* [Data section]:
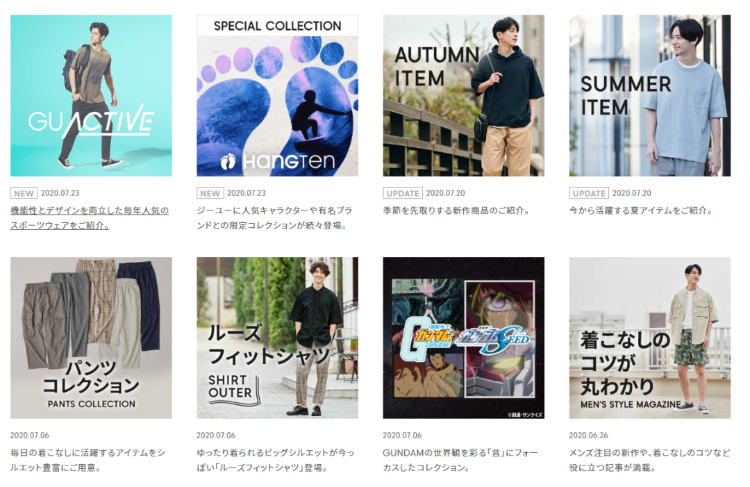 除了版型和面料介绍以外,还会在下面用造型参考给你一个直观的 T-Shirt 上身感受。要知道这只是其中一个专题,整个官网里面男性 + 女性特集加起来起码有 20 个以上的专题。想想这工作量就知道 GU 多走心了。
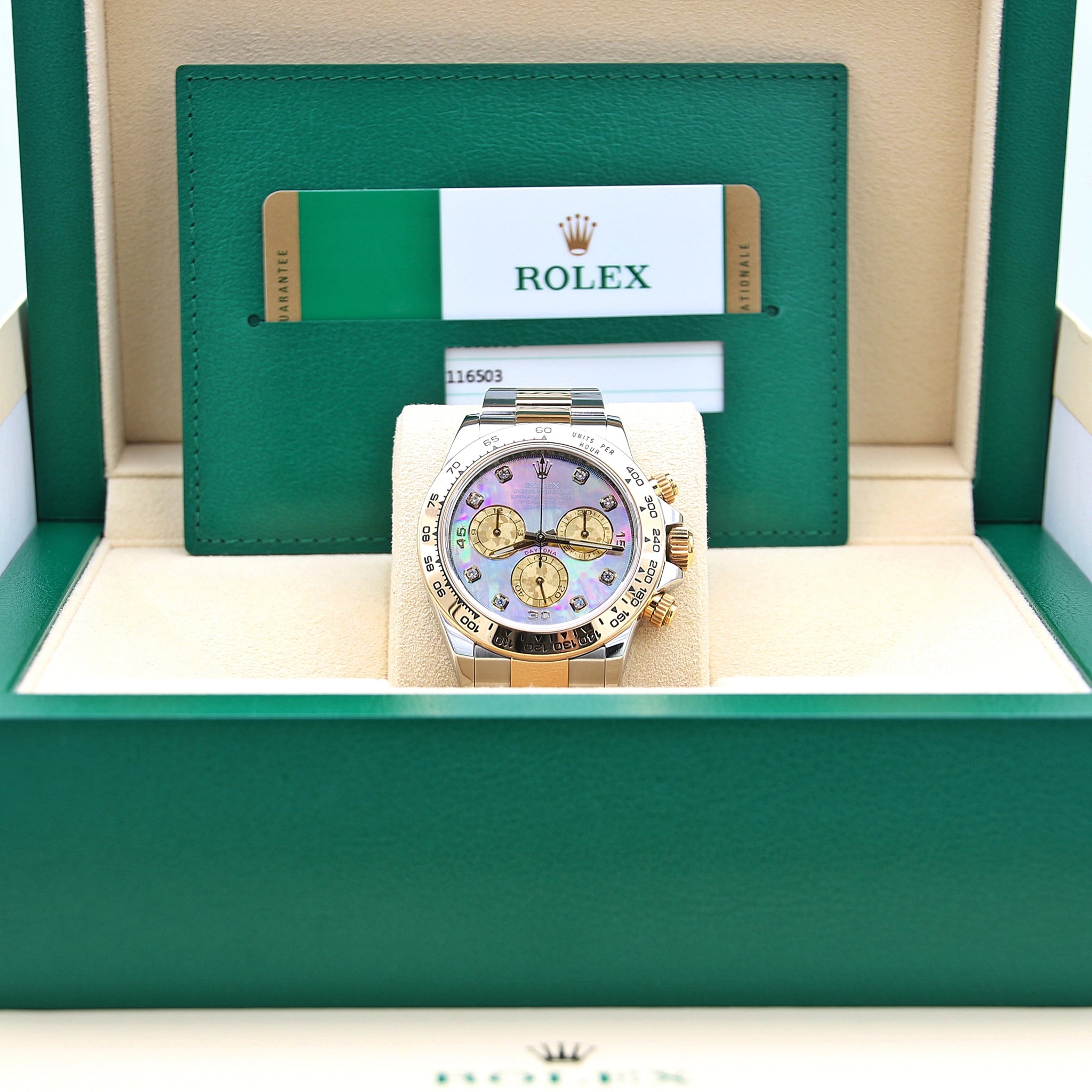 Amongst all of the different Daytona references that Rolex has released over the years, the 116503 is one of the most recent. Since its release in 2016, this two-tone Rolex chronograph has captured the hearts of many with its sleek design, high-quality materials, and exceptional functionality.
...
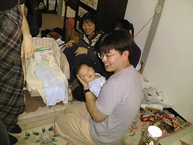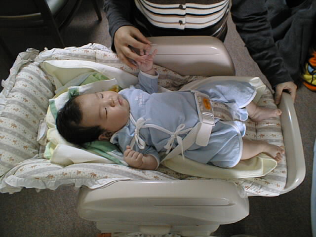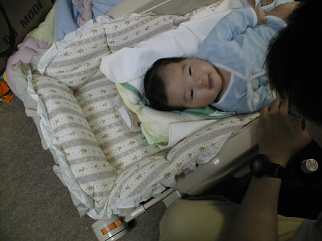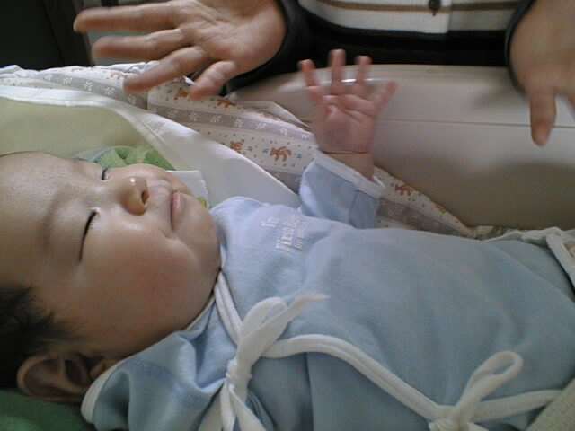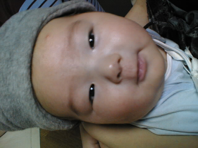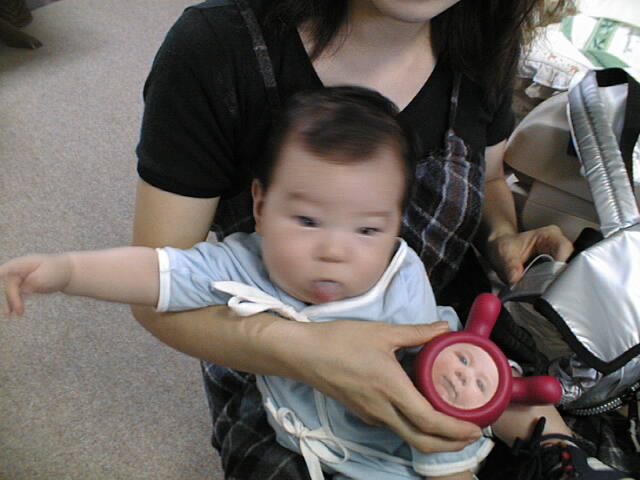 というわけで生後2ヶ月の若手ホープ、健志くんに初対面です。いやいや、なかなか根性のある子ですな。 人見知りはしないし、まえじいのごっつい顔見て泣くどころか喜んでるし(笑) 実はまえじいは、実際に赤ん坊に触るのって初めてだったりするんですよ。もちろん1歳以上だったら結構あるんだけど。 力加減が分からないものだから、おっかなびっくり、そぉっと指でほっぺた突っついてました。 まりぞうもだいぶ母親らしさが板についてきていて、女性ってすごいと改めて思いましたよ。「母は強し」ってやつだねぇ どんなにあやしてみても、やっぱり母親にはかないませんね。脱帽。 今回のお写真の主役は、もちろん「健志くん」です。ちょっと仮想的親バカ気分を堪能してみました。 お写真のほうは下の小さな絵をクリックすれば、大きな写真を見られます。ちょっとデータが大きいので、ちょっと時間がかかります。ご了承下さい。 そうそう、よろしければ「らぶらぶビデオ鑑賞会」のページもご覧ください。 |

* [Assigned task]:
Copy exactly the material above from the line with "除了版型和面料介绍以外,还会在下面用造型参考给你一个直观的 T-Shirt 上身感受。要知道这只是其中一个专题,整个官网里面男性" to the line with "Amongst all of", ends included, and nothing else. Leave out any picture.

* [Reply to the exercise]:
 除了版型和面料介绍以外,还会在下面用造型参考给你一个直观的 T-Shirt 上身感受。要知道这只是其中一个专题,整个官网里面男性 + 女性特集加起来起码有 20 个以上的专题。想想这工作量就知道 GU 多走心了。
 Amongst all of the different Daytona references that Rolex has released over the years, the 116503 is one of the most recent. Since its release in 2016, this two-tone Rolex chronograph has captured the hearts of many with its sleek design, high-quality materials, and exceptional functionality.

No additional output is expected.